What the task asks - The listing below holds a line with "Wegenkaart Londen England" and a later line with "3年生面接全体指導 公開日 2017/10/31". Write out those two lines and every line between them, exactly, and nothing else.

Exercise inputs -
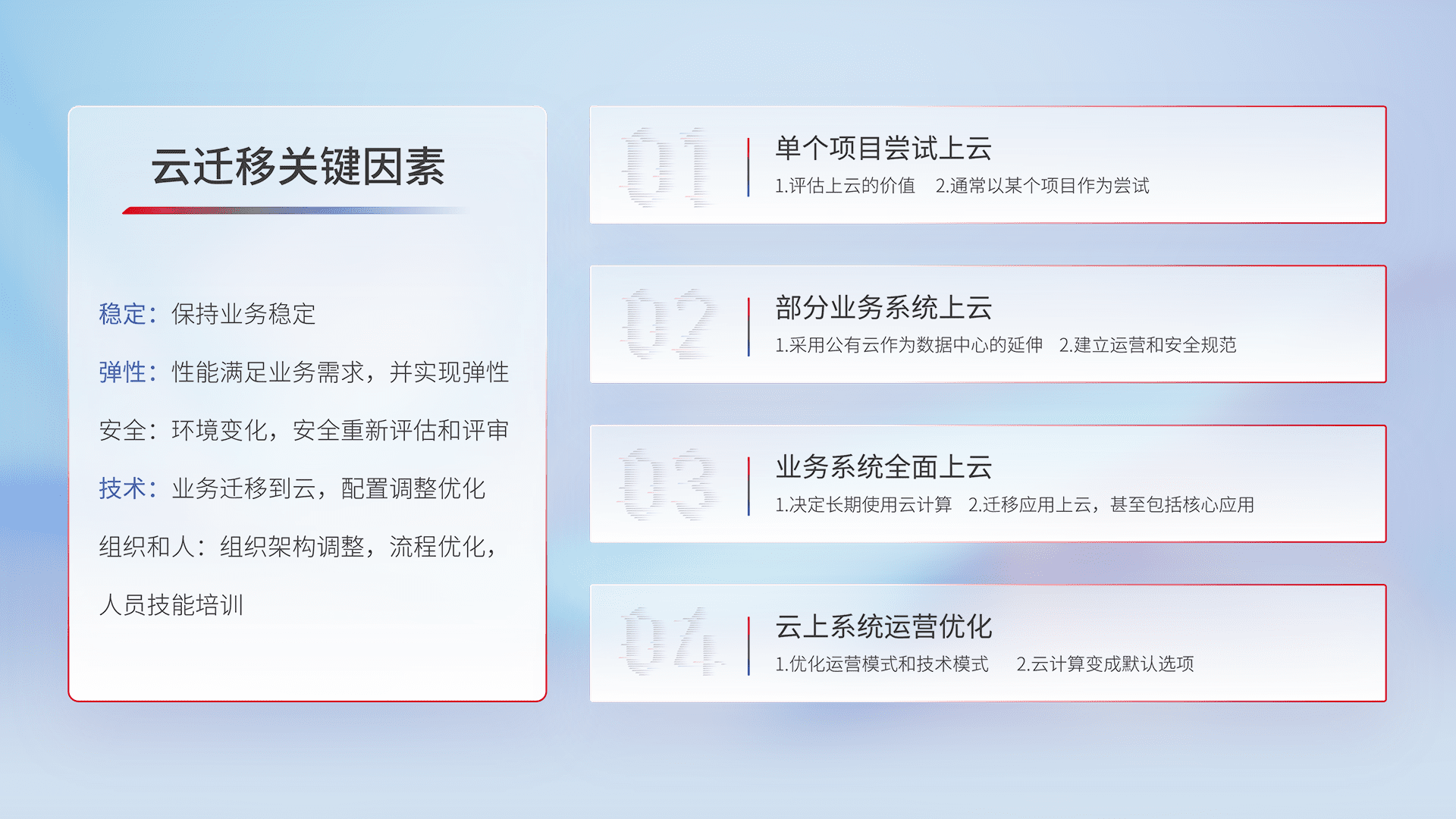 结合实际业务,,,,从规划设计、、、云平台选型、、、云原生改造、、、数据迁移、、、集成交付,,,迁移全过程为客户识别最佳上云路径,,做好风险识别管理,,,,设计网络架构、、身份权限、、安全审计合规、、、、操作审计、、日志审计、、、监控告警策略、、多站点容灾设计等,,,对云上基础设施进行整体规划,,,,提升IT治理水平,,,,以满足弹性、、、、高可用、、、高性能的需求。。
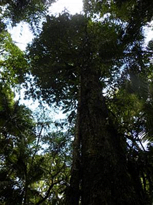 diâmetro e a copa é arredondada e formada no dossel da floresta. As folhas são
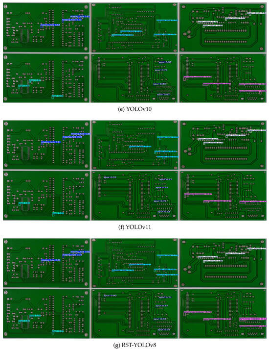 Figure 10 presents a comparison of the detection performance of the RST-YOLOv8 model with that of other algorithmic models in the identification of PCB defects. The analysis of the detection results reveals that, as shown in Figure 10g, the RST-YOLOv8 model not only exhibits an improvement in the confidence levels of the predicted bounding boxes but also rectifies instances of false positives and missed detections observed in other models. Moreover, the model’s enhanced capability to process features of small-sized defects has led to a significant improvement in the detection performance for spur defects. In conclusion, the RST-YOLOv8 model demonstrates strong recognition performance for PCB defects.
---
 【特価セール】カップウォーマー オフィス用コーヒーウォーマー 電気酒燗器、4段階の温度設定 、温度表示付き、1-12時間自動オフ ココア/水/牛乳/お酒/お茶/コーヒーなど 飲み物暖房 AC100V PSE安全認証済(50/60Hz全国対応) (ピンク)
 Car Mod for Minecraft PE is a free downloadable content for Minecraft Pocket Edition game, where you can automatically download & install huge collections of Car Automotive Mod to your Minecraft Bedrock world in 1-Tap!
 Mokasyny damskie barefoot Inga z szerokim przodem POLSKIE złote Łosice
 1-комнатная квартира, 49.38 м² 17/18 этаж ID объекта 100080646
==
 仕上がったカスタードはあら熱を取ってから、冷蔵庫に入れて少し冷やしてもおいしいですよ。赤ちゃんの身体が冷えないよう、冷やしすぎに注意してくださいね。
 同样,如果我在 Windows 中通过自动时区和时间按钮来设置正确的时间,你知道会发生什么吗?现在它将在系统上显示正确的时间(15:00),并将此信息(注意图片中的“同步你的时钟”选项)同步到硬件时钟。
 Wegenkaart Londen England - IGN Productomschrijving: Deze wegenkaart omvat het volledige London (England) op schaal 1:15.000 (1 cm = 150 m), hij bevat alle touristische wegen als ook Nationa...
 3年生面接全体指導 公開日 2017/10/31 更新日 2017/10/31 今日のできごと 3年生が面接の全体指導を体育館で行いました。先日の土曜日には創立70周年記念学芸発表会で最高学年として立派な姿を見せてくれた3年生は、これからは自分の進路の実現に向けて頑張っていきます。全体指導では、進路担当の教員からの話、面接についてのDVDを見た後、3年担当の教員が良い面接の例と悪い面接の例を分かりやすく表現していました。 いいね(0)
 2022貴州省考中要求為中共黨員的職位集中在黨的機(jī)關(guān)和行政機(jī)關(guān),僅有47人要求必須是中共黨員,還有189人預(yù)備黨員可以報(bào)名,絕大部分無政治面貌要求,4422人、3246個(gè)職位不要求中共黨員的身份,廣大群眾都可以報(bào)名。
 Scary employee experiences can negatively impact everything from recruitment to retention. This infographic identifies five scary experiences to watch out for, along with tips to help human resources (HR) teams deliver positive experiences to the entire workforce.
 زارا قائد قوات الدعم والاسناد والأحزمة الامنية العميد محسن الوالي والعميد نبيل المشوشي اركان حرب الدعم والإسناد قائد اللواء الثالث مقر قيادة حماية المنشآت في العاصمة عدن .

Result for this task -
 Wegenkaart Londen England - IGN Productomschrijving: Deze wegenkaart omvat het volledige London (England) op schaal 1:15.000 (1 cm = 150 m), hij bevat alle touristische wegen als ook Nationa...
 3年生面接全体指導 公開日 2017/10/31 更新日 2017/10/31 今日のできごと 3年生が面接の全体指導を体育館で行いました。先日の土曜日には創立70周年記念学芸発表会で最高学年として立派な姿を見せてくれた3年生は、これからは自分の進路の実現に向けて頑張っていきます。全体指導では、進路担当の教員からの話、面接についてのDVDを見た後、3年担当の教員が良い面接の例と悪い面接の例を分かりやすく表現していました。 いいね(0)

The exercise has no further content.